Edinburgh’s National Gallery of Modern Art wins Britain's biggest arts prize - the Gulbenkian Prize for ‘Museum of the Year’.

The Scottish National Gallery of Modern Art in Edinburgh has won the second ever Gulbenkian Prize for museum of the year - for its dramatic and radical landscaping project, ‘Landform’. At £100,000 the Gulbenkian Prize is the UK’s richest single arts competition award.

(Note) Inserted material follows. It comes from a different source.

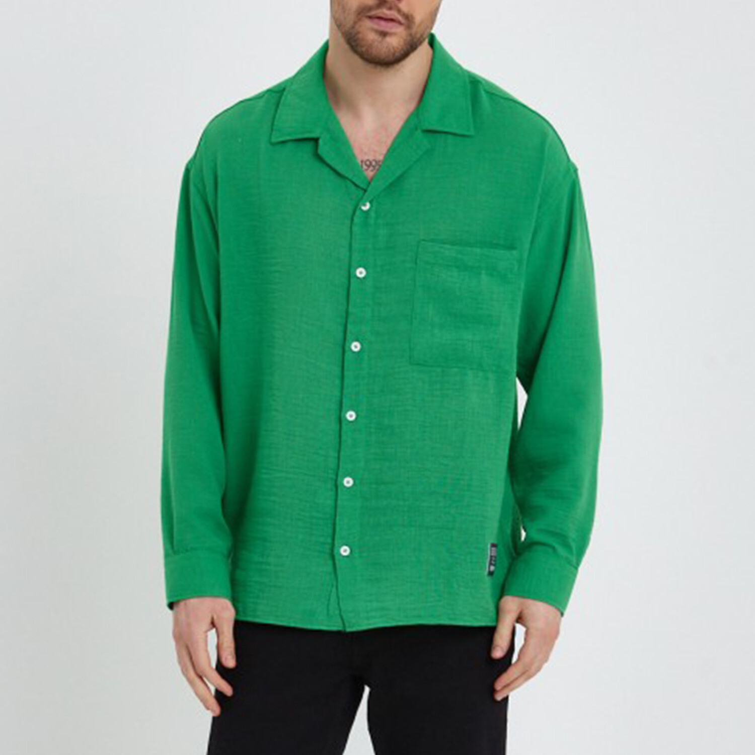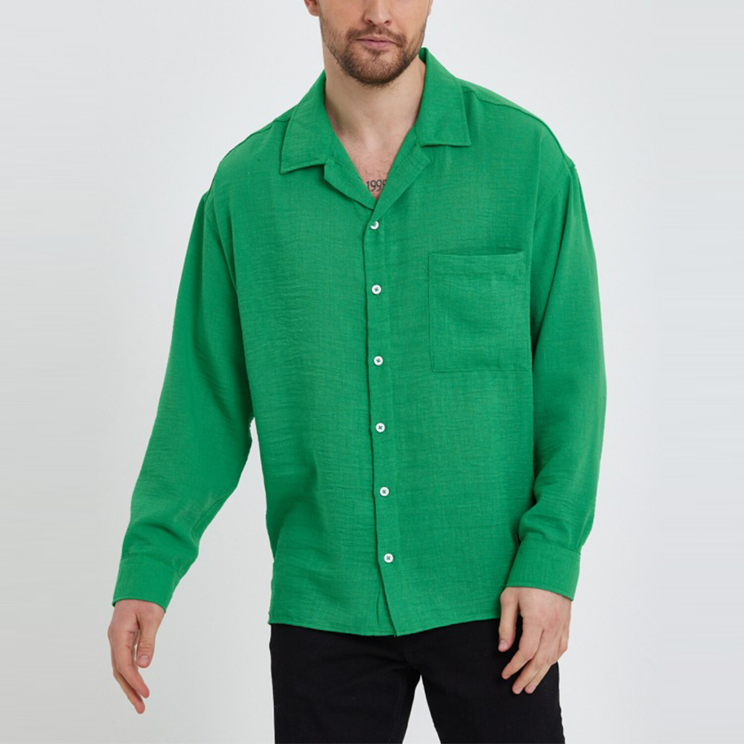 Linen Notched Collar Button-Up Shirt // Green

The Gulbenkian judges were captivated by Landform – which provides a new striking front that cannot fail to impress visitors to the gallery. The judges described it as a transforming experience, a magnet that attracts people into the museums and a unique intervention in the museum and gallery landscape.

Landform, a serpentine, stepped mound, with three crescent shaped pools covering three acres, was commissioned by the Gallery in 1999 when it decided to redevelop its front lawn, a former school playing field. It turned to American-born architectural historian Charles Jencks, whose design for Landform reflects the Edinburgh landscape and was inspired by chaos theory and weather systems. The project took two years to build at a cost of £380,000.

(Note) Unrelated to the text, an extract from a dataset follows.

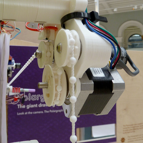 There’s been a bit of ongoing investigation about getting the polargraph firmware running with the new Adafruit Motorshield (v2). I have just got one of these shields recently, so have only just had a chance to work on it tonight.

Since its completion, it has become one of Edinburgh’s most visited attractions drawing record numbers into the Galleries. “I pictured,” says Charles Jencks, “a contemporary equivalent of Seurat’s La Grande Jatte – everything going on at once, amidst sun, water and city life. You could eat lunch, perhaps have a drink, chase kites...”. The transformation of the grounds has proved to be so popular that one area of turf has recently been replaced because it had been worn out by so many people walking on it.

Landform - based on the concept of chaos theory - is part sculpture, part garden, part land-art, a magical back-drop for everything from exhibition openings to the Gallery's Fun Day for families.

Landform

Richard Calvocoressi, Director of the gallery, said: “We are honoured to have won this most prestigious prize sponsored by the Gulbenkian Foundation. The Scottish National Gallery of Modern Art, and its surrounding parkland, have become special places in the UK for appreciating outdoor sculpture, which Charles Jencks’s beautiful Landform has done much to enhance. We are absolutely delighted that the Gallery has been recognised in this way and we intend to use the award to continue with developments in the grounds and to make them an even more stimulating place for our visitors.”

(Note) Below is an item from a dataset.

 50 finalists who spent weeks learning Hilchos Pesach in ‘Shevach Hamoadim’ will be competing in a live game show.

Speaking about his design, Jencks has said: “I am trying to create a new language of landscape. If you look at the way nature organises itself, it has inherent principles of movement. I wanted to design something that reflected these natural forces but heightened them. The shapes have been partly inspired by two so-called ‘strange attractors’, one of them called the Ueda Attractor, named after the Japanese scientist that discovered it. These ‘attractors’ (weather systems, for example) create a series of self-similar curves that overlap but never repeat, and are attracted to a certain point or ‘basin’. I think the landform will create a gateway to the area and identify the gallery from the road as a special place – the locus of contemporary art in Scotland.”

The Gulbenkian Prize celebrates some of the most inspiring and innovative initiatives that have had a genuine and demonstrable effect on the public perception of museums and galleries. It is open to any registered museum, large or small, in the UK; its prize money of £100,000 makes it the largest single arts prize in the country.

The other finalists were:

  • The Museum of Antiquities, Newcastle upon Tyne for ‘Reticulum’, an innovative partnership between local schools and museum staff.


  • Reticulum [Latin for 'net'] is a completely new way of a museum engaging local children's interest in the past. Antiquities' staff worked with partner schools in Northumberland, in both the Museum and the classroom, to give children the opportunity to handle artefacts and explore historical themes and ideas. In between school sessions and museum visits, the children use e-mail to consult the Museum's Archaeology staff and to work with other schools in the region. Through grants the Museum even subsidises the children's transport to and from the Museum!

  • The Pembrokeshire Museum Service, Wales for ‘Varda’, a travelling exhibition based in a Gypsy caravan that explores local Romany history and culture.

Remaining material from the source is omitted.